D-mannose alleviates intervertebral disc degeneration through glutamine metabolism.

机构信息

Department of Orthopedics, Shanghai Key Laboratory of Orthopedic Implant, Shanghai Ninth People's Hospital, Shanghai Jiao Tong University School of Medicine, Shanghai, 200011, China.

School of Medicine, Shanghai University, Shanghai, 200444, China.

出版信息

Mil Med Res. 2024 May 6;11(1):28. doi: 10.1186/s40779-024-00529-4.

DOI:10.1186/s40779-024-00529-4
PMID:38711073
原文链接:https://pmc.ncbi.nlm.nih.gov/articles/PMC11071241/
Abstract

BACKGROUND

Intervertebral disc degeneration (IVDD) is a multifaceted condition characterized by heterogeneity, wherein the balance between catabolism and anabolism in the extracellular matrix of nucleus pulposus (NP) cells plays a central role. Presently, the available treatments primarily focus on relieving symptoms associated with IVDD without offering an effective cure targeting its underlying pathophysiological processes. D-mannose (referred to as mannose) has demonstrated anti-catabolic properties in various diseases. Nevertheless, its therapeutic potential in IVDD has yet to be explored.

METHODS

The study began with optimizing the mannose concentration for restoring NP cells. Transcriptomic analyses were employed to identify the mediators influenced by mannose, with the thioredoxin-interacting protein (Txnip) gene showing the most significant differences. Subsequently, small interfering RNA (siRNA) technology was used to demonstrate that Txnip is the key gene through which mannose exerts its effects. Techniques such as colocalization analysis, molecular docking, and overexpression assays further confirmed the direct regulatory relationship between mannose and TXNIP. To elucidate the mechanism of action of mannose, metabolomics techniques were employed to pinpoint glutamine as a core metabolite affected by mannose. Next, various methods, including integrated omics data and the Gene Expression Omnibus (GEO) database, were used to validate the one-way pathway through which TXNIP regulates glutamine.
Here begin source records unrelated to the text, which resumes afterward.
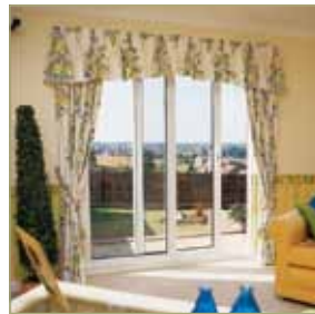
Patio doors increase natural light into your room
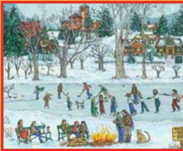
Cavorting at Cannon Hill Pond
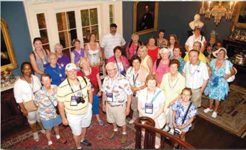
Ninety-Nines step back into history as they begin the plantation tour.
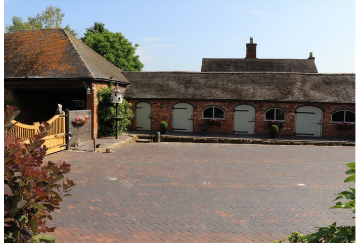
Outbuildings and Courtyard/Driveway Providing parking for around 15 vehicles
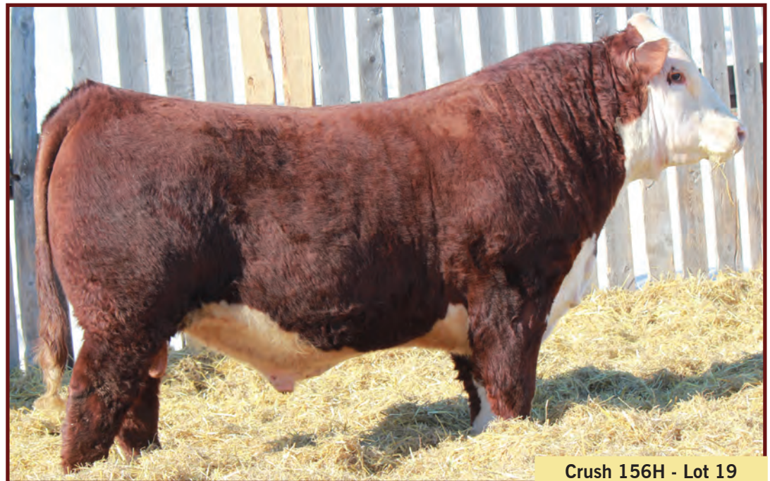
Crush 156H - Lot 19
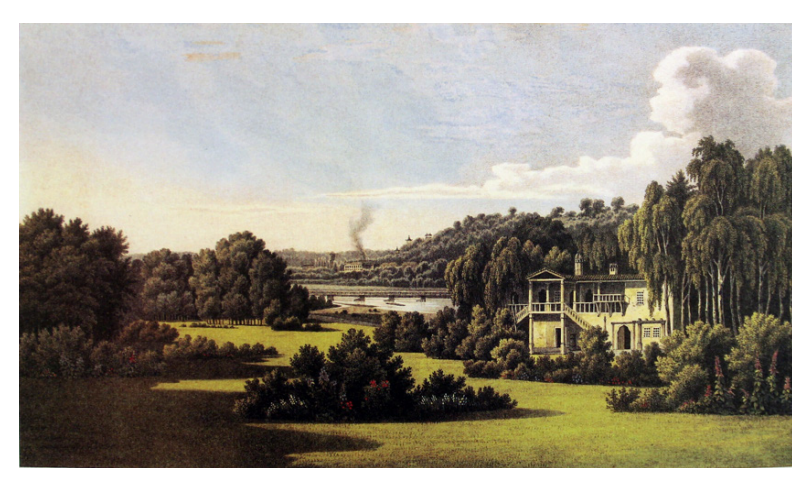
Fig. 4: Wilhelm Schirmer (watercolor) and J. Renz (lithograph), Tafel XXI. Fasaneriegebäude nach dem Modell eines türkischen Landhauses, Bad und Alaunberge, hand-colored lithograph plate in book, 33.8 × 49.4 cm, in Pückler-Muskau, Andeutungen über Landschaftsgärtnerei.

Towards the end of the quoted essay, the anonymous author defines the ideal state of art as one that represents "beautiful, simple nature [...]."48 This ideal complements Pückler's own understanding of the relation of art and nature in the Andeutungen. The beautification of the landscape—"nature idealized through art"-is, to Pückler, a totalizing process that includes "the palaces and gardens of the great [and] the humble dwellings of the poor tenant" within a "harmonious whole." This also becomes evident in the illustrations of the Andeutungen. For instance, plate XXI depicts the smoke of an alum factory in the distance (Fig. 4). Industrial sites, such as the alum factories adjacent to Muskau Park, are not excluded from Pückler's holistic, all-encompassing concept. They become an integral part of the visual and material order, which Pückler even presents as an attraction for visitors to the park. In the text, he praises the spectacle of a small natural volcano, a lignite "mine fire [with] continuous smoke and occasionally sparkling small flames."50 In addition, Pückler proposes plans for so-called "worker colonies" as habitations for the miners and the workers of the park (Fig. 5). His ordering vision thus permeates the lives of his (former) subjects who, at the time, were being transformed into Prussian citizens
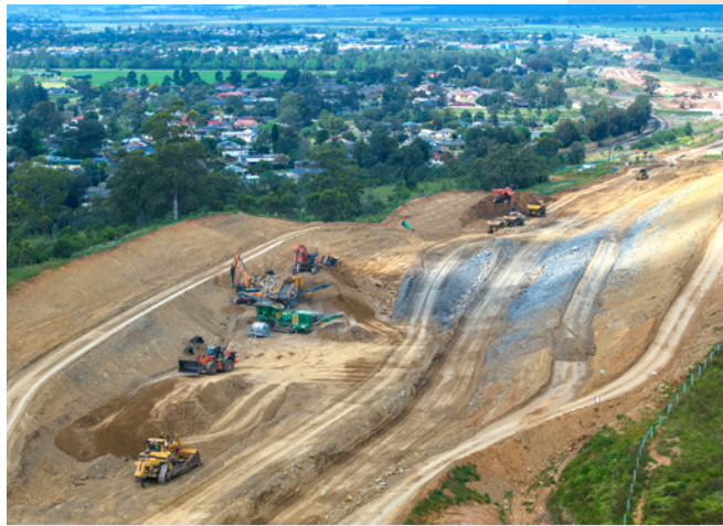
Earthworks at McDougalls Hill.
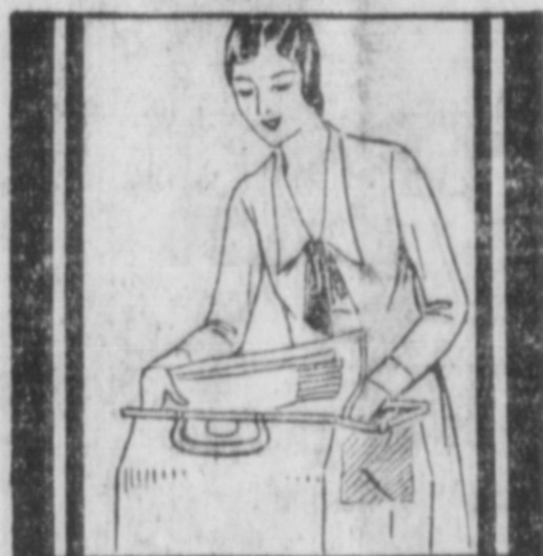
"John is going to be comfortable this trip"

Go to your favourite store today. Select the style and weight that suits you best. And remember Stanfield's costs you little or no more than ordinary underwear.

Finally, the therapeutic effect of mannose on IVDD was validated, elucidating the mechanistic role of TXNIP in glutamine metabolism in both intradiscal and orally treated rats.

RESULTS

In both in vivo and in vitro experiments, it was discovered that mannose has potent efficacy in alleviating IVDD by inhibiting catabolism. From a mechanistic standpoint, it was shown that mannose exerts its anti-catabolic effects by directly targeting the transcription factor max-like protein X-interacting protein (MondoA), resulting in the upregulation of TXNIP. This upregulation, in turn, inhibits glutamine metabolism, ultimately accomplishing its anti-catabolic effects by suppressing the mitogen-activated protein kinase (MAPK) pathway. More importantly, in vivo experiments have further demonstrated that compared with intradiscal injections, oral administration of mannose at safe concentrations can achieve effective therapeutic outcomes.

CONCLUSIONS

In summary, through integrated multiomics analysis, including both in vivo and in vitro experiments, this study demonstrated that mannose primarily exerts its anti-catabolic effects on IVDD through the TXNIP-glutamine axis. These findings provide strong evidence supporting the potential of the use of mannose in clinical applications for alleviating IVDD. Compared to existing clinically invasive or pain-relieving therapies for IVDD, the oral administration of mannose has characteristics that are more advantageous for clinical IVDD treatment.

摘要

背景

椎间盘退变(IVDD)是一种多方面的病症,其特征为异质性,其中细胞外基质中核髓(NP)细胞的分解代谢与合成代谢之间的平衡起着核心作用。目前,现有的治疗方法主要集中在缓解与 IVDD 相关的症状,而没有针对其潜在病理生理过程提供有效的治疗方法。D-甘露糖(简称甘露糖)在各种疾病中表现出抗分解代谢作用。然而,其在 IVDD 中的治疗潜力尚未得到探索。

方法

本研究首先优化了甘露糖恢复 NP 细胞的浓度。采用转录组分析鉴定受甘露糖影响的介质,其中硫氧还蛋白相互作用蛋白(Txnip)基因差异最为显著。随后,采用小干扰 RNA(siRNA)技术证明 Txnip 是甘露糖发挥作用的关键基因。共定位分析、分子对接和过表达测定等技术进一步证实了甘露糖与 TXNIP 之间的直接调控关系。为了阐明甘露糖的作用机制,采用代谢组学技术确定了谷氨酰胺是受甘露糖影响的核心代谢物。接下来,使用整合组学数据和基因表达综合数据库(GEO)等多种方法验证了 Txnip 通过单一路径调节谷氨酰胺的方式。最后,验证了甘露糖对 IVDD 的治疗效果,阐明了 Txnip 在椎间盘内和口服治疗大鼠的谷氨酰胺代谢中的作用机制。

结果

在体内和体外实验中,均发现甘露糖通过抑制分解代谢对 IVDD 具有显著的治疗效果。从机制上讲,甘露糖通过直接靶向 max 样蛋白 X 相互作用蛋白(MondoA)的转录因子,上调 Txnip,发挥其抗分解代谢作用。这种上调进而抑制谷氨酰胺代谢,最终通过抑制丝裂原活化蛋白激酶(MAPK)通路来完成其抗分解代谢作用。更重要的是,体内实验进一步表明,与椎间盘内注射相比,口服安全浓度的甘露糖可以达到有效的治疗效果。

结论

综上所述,通过包括体内和体外实验在内的综合多组学分析,本研究表明甘露糖主要通过 TXNIP-谷氨酰胺轴对 IVDD 发挥其抗分解代谢作用。这些发现为甘露糖在缓解 IVDD 的临床应用中的潜力提供了强有力的证据。与现有的临床侵袭性或缓解疼痛的 IVDD 治疗方法相比,口服甘露糖具有更有利于临床 IVDD 治疗的特点。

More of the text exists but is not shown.